Speaking on the role of the social media, Avinash Sharma cited the example of actor Paul Walker’s recent death. “People on Facebook commented that it was a good thing the actor died since he was a Christian. As a member of another faith, I was deeply hurt and tried to remind them that he was a human first.”
Majlis-e-Wahdatul Muslimeen’s Allama Sadiq Raza Taqvi raised the point that action should also be taken against the electronic media if found adding fuel to the fire of sectarian violence.
His views were backed by the president of the Young Women’s Christian Association, Nuzhat Williams, who said that while Twitter and Facebook were being used to spread hate speeches, live television shows — such as the ones showing people changing faiths — were also hurting peoples’ sentiments and should be banned.

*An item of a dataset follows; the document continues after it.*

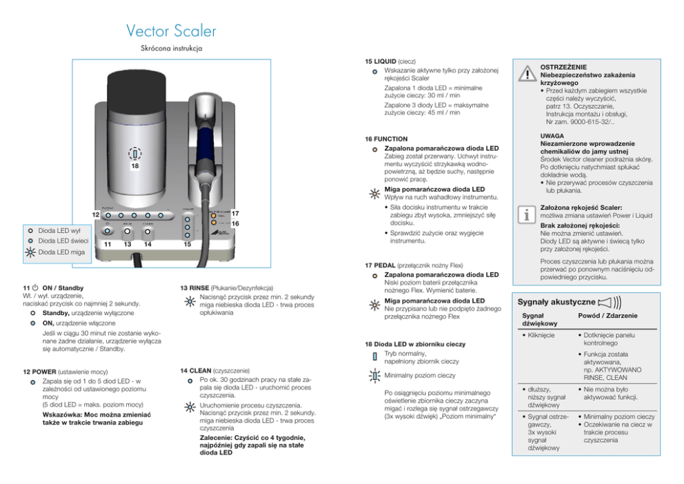 Vector Scaler Skrócona instrukcja 15Liquid (ciecz) Wskazanie aktywne tylko przy założonej rękojeści Scaler Zapalona 1 dioda LED = minimalne zużycie cieczy: 30 ml / min Zapalone 3 diody LED = maksymalne zużycie cieczy: 45 ml / min 16 Function Zapalona pomarańczowa dioda LED Zabieg został przerwany. Uchwyt instrumentu wyczyścić strzykawką wodnopowietrzną, aż będzie suchy, następnie ponowić pracę. 18 Miga pomarańczowa dioda LED Wpływ na ruch wahadłowy instrumentu. 17 12 16 Dioda LED wył Dioda LED świeci 11 13 14 •Siła docisku instrumentu w trakcie zabiegu zbyt wysoka, zmniejszyć siłę docisku. •Sprawdzić zużycie oraz wygięcie instrumentu. 15 Dioda LED miga 11 ON / Standby Wł. / wył. urządzenie, naciskać przycisk co najmniej 2 sekundy. Standby, urządzenie wyłączone 13Rinse (Płukanie/Dezynfekcja) Nacisnąć przycisk przez min. 2 sekundy miga niebieska dioda LED - trwa proces opłukiwania ON, urządzenie włączone Jeśli w ciągu 30 minut nie zostanie wykonane żadne działanie, urządzenie wyłącza się automatycznie / Standby. 12 Power (ustawienie mocy) Zapala się od 1 do 5 diod LED - w zależności od ustawionego poziomu mocy (5 diod LED = maks. poziom mocy) Wskazówka: Moc można zmieniać także w trakcie trwania zabiegu 17Pedal (przełącznik nożny Flex) Zapalona pomarańczowa dioda LED Niski poziom baterii przełącznika nożnego Flex. Wymienić baterie. Miga pomarańczowa dioda LED Nie przypisano lub nie podpięto żadnego przełącznika nożnego Flex OSTRZEŻENIE Niebezpieczeństwo zakażenia krzyżowego •Przed każdym zabiegiem wszystkie części należy wyczyścić, patrz 13. Oczyszczanie, Instrukcja montażu i obsługi, Nr zam. 9000-615-32/.. UWAGA Niezamierzone wprowadzenie chemikaliów do jamy ustnej Środek Vector cleaner podrażnia skórę. Po dotknięciu natychmiast spłukać dokładnie wodą. •Nie przerywać procesów czyszczenia lub płukania. Założona rękojeść Scaler: możliwa zmiana ustawień Power i Liquid Brak założonej rękojeści: Nie można zmienić ustawień. Diody LED są aktywne i świecą tylko przy założonej rękojeści. Proces czyszczenia lub płukania można przerwać po ponownym naciśnięciu odpowiedniego przycisku. Sygnały akustyczne Sygnał dźwiękowy Powód / Zdarzenie •Kliknięcie •Dotknięcie panelu kontrolnego 18Dioda LED w zbiorniku cieczy Tryb normalny, napełniony zbiornik cieczy 14Clean (czyszczenie) Po ok. 30 godzinach pracy na stałe zapala się dioda LED - uruchomić proces czyszczenia. Uruchomienie procesu czyszczenia. Nacisnąć przycisk przez min. 2 sekundy. miga niebieska dioda LED - trwa proces czyszczenia Zalecenie: Czyścić co 4 tygodnie, najpóźniej gdy zapali się na stałe dioda LED •Funkcja została aktywowana, np. aktywowano Rinse, Clean Minimalny poziom cieczy Po osiągnięciu poziomu minimalnego oświetlenie zbiornika cieczy zaczyna migać i rozlega się sygnał ostrzegawczy (3x wysoki dźwięk) „Poziom minimalny“ •dłuższy, niższy sygnał dźwiękowy •Nie można było aktywować funkcji. •Sygnał ostrzegawczy, 3x wysoki sygnał dźwiękowy •Minimalny poziom cieczy •Oczekiwanie na ciecz w trakcie procesu czyszczenia Rękojeści Scaler Rękojeści Scaler Demontaż Zakładanie i wymiana instrumentów 2012/02/13 Montaż DÜRR DENTAL AG Höpfigheimer Strasse 17 74321 Bietigheim-Bissingen, Germany 9000-615-33/22 *9000-615-33/22*

She suggested that the Friday sermons in mosques and syllabus taught in madressahs should be monitored.
The bombing of churches in Peshawar was also brought up, to which Allama Taqvi said that the issue of violence against minorities should be considered a national issue.
Discussing the desecration of Bhuro Bheel’s grave in Badin, Professor Aijaz Qureshi painted a bleak picture and said that the secular Sindh was witnessing rising incidents against minorities. “A feudal extremist group was behind the incident but no action by the government was taken,” he said. “Hindu migration is also still going on. A petition should be filed in the Supreme Court against the attitude of the government against the minorities”.
According to former MPA Pitanber Sewani, today’s Pakistan was neither secular nor follows Islam, saying that those who speak in favour of minorities receive death threats, such as former MPA Saleem Khokhar who fled the country and is living in London.
Christian activist Zahid Farooq said that it was unfortunate that even in the 21st century, graves were being dug up, and minorities were being targeted even after their deaths.
The participants also touched upon the pamphlets distributed before the elections, when Muslims were urged not to give votes to non-Muslims. To this Zahid Farooq said, “Don’t give us votes but don’t expect votes from us as well.” Nuzhat Williams added that the voters were also told not to vote for women and “save the country from going towards destruction.”
Members of the Ahmadi community spoke of Eidul Azha when they were stopped from offering animal sacrifice. “The police said we could not carry out the sacrifice. Such incidents have been common with us since we were declared non-Muslims.”
Waheed Ahmed cited the problems he faces at his university, saying, “No one is ready to work on assignments with me. People refuse to eat with me just because I am an Ahmadi.”
The participants stressed that the perpetrators behind such incidents should be arrested, cases should be initiated against them and they should be punished according to their offence.